После трех дней в таком режиме результаты по-прежнему неоднозначны. Верхняя часть тела оттаивает, чего не скажешь о нижней. На этот раз вывод ясен. Бабушку нужно вытаскивать. Маневрировать надо осторожно, потому что пространство, в котором размещено тело, тесновато. К счастью, служащие морга берут дело в свои руки. Они просовывают ремни под ее колени и руки: раз-два-три, и вот она появляется, скрестив руки на сине-зеленом халате, скрывающем под собой ночную рубашку. На ней до сих пор надеты серьги и обручальное кольцо. Глаза ее закрыты, а лицо безмятежно.
Помещенная на тележку и надлежащим образом пристегнутая, чтобы не упасть, дама проводит неделю, сидя в секционном зале при регулируемой температуре около 16 °C. Это позволяет наконец в пятницу вечером разогнуть ее, вытянуть и положить в один из холодильников. Фух, самая сложная часть позади.
Что касается следователей, они теряют терпение. Жандарм из Сожона снова звонит мне.
– Добрый вечер, доктор. Итак, на каком этапе вскрытие?
– Ну, пришлось повозиться с разморозкой. В следующий раз привозите тело расчлененным, в морозилке с ящиками. По кускам быстрее размораживается.
– Ах да, как у того парня с острова Ре, помните?
– Да уж, не могу сказать, что забыл.
Было воскресенье, я был в резерве, дежурил из дома.
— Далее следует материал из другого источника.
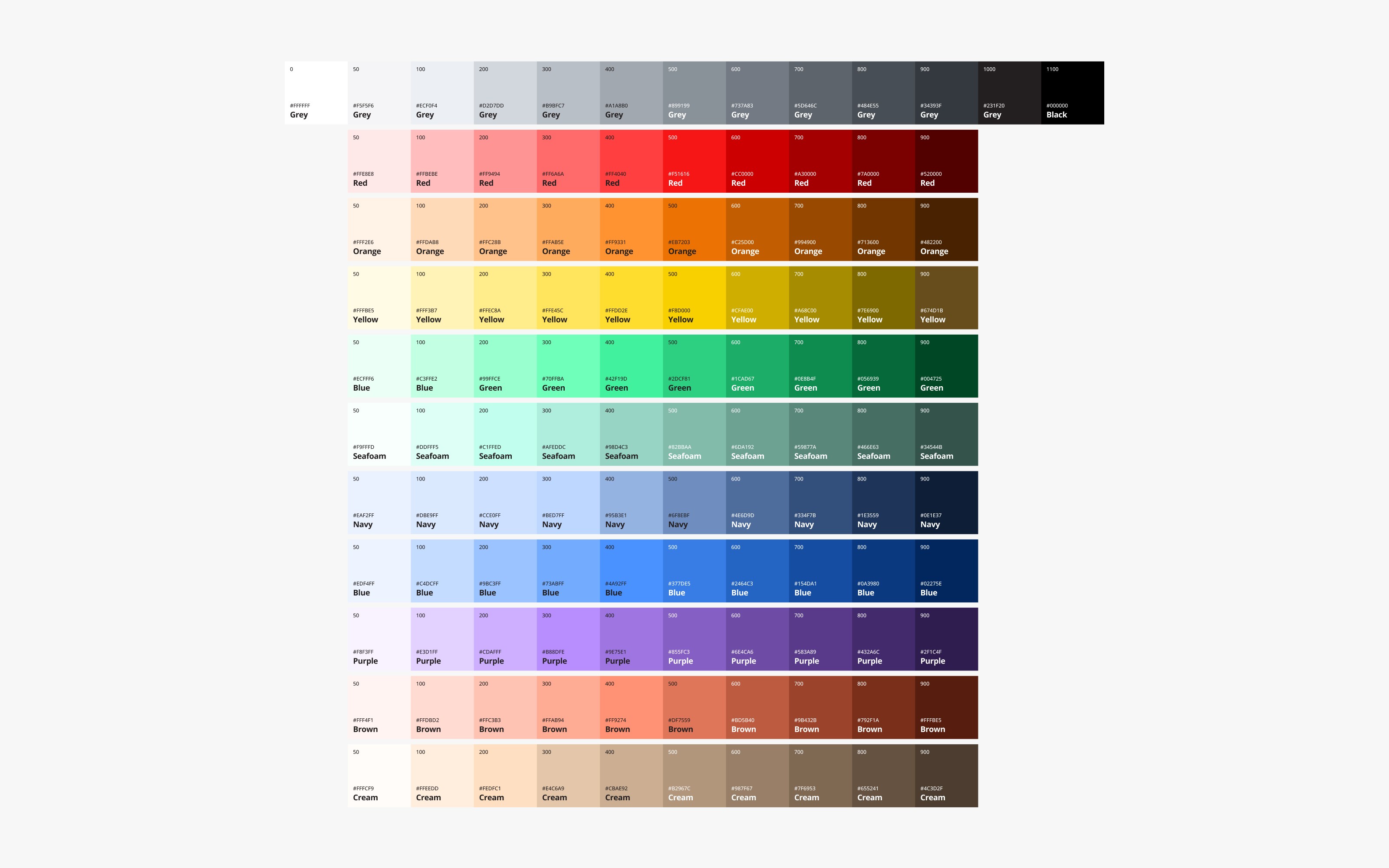 For most colours, we set out to define 10 variants of lightness in order to create an extensive palette to work with. The exception to this rule was grey sub-palette where we defined 13 variants to make sure that there would always be an appropriate colour to choose from when designing the interface.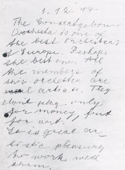 1947. 01-12-1947. Letter from Otto Klemperer (1885-1973) to Imre Kun: ‘The Amsterdam Royal Concertgebouw Orchestra (RCO) is one of the best orchestras of Europe. Perhaps the best one. The members of this orchestra are near artists. They don’t play only for money, but for art. It is a great artistic pleasure to work with them’.

Бригада вызвала меня из-за «человеческих останков, найденных в сгоревшем доме» на острове Ре. Разгневанный муж поджег павильон, никто не мог найти его жену, все разволновались. В развалинах жандармы нашли остов морозильной камеры с выдвижными ящиками, заполненными подозрительными кусками. Последовал быстрый вывод: не разрезал ли ревнивец свою жену на куски? Пуатье находится не то чтобы в пригороде Ла-Рошели, поэтому, когда жандармы перезвонили, я все еще собирался в дорогу. Ложная тревога. Один из их коллег-охотников опознал останки. Это были куски туш косули, оленя и кабана.
Не сказать что недовольный этой новостью, я собирался снова погрузиться в выходную сонливость, когда на связь вышла жандармерия Ньора. Никакой возможности побездельничать, честное слово. Снова кости, обнаружены во время работ в погребе частного лица. Воскресные самоделкины, что за чума! Я опять собрался, на этот раз в Ньор, но, охваченный внезапным озарением, передумал, перезвонил жандармам и попросил их прислать мне несколько фотографий по электронной почте, чтобы получить общее представление.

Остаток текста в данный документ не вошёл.